Is the adenosine system a new target for SE? It depends. As we have previously shown, life-style choices, including diet, influence the expression levels of ADK in the brain. Thus, a ketogenic diet was shown to reduce ADK expression in the brain in line with seizure suppression (Masino et al., 2011). Other life-style choices, such as exercise, have likewise been shown to enhance adenosine levels in the brain (Dworak et al., 2007). Together, these findings suggest that life-style choices can influence the brain’s excitability and thereby the susceptibility to SE. As a potent anticonvulsant strategy with effectiveness in a model of pharmacoresistant epilepsy (Gouder et al., 2003), adenosine augmentation might be a useful therapeutic strategy to terminate refractory and potentially life threatening SE. Under those conditions, the systemic use of adenosine augmenting agents might be justifiable.

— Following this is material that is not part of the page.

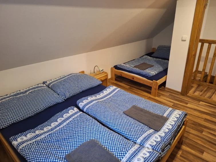 3 pokoje (1x manželská postel + 7x samostatné lůžko)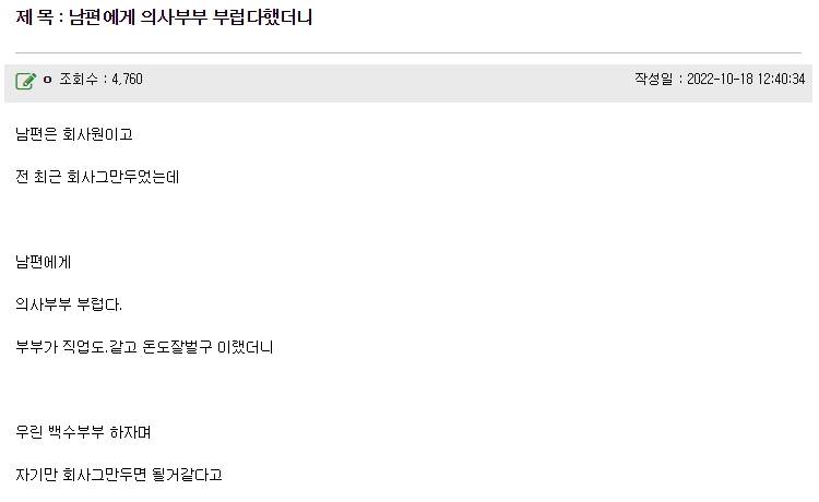 남편에게 의사 부부 부럽다 했더니 남편 반응

A second area of therapeutic interest is the prevention of post-SE epileptogenesis. As discussed here epigenetic factors and neurogenesis might be involved and linked to an SE-associated surge in adenosine. The nuclear isoform of ADK might be a potential target to influence epigenetic mechanisms and neurogenesis in future attempts to prevent epileptogenesis. The therapeutic modulation of ADK expression, e.g. by gene therapy (Boison, 2010), might be a useful approach to regulate the tissue concentration of adenosine, but also to regulate epigenetic factors and neurogenesis. More knowledge is needed to decide, which isoform of ADK to target, and in which cell types, and in which direction (up- or downregulation). Eventually, the key for successful antiepileptogenic interventions will lie in regional, cell-type, and compartmental specificity of therapeutic approaches. In summary, the adenosine/ADK system is of therapeutic interest not only for the prevention or termination of SE, but also to influence pathological downstream events triggered by an SE.

Acknowledgments

The author’s work has been funded by grants NS061844 and NS065957 from the National Institutes of Neurological Disorders and Stroke (NINDS), and by contract W81XWH-12-1-0283 from the US Department of the Army.

Footnotes

Disclosure

I have no conflicts of interest to declare.

I confirm that I have read the Journal’s position on issues involved in ethical publication and affirm that this report is consistent with those guidelines.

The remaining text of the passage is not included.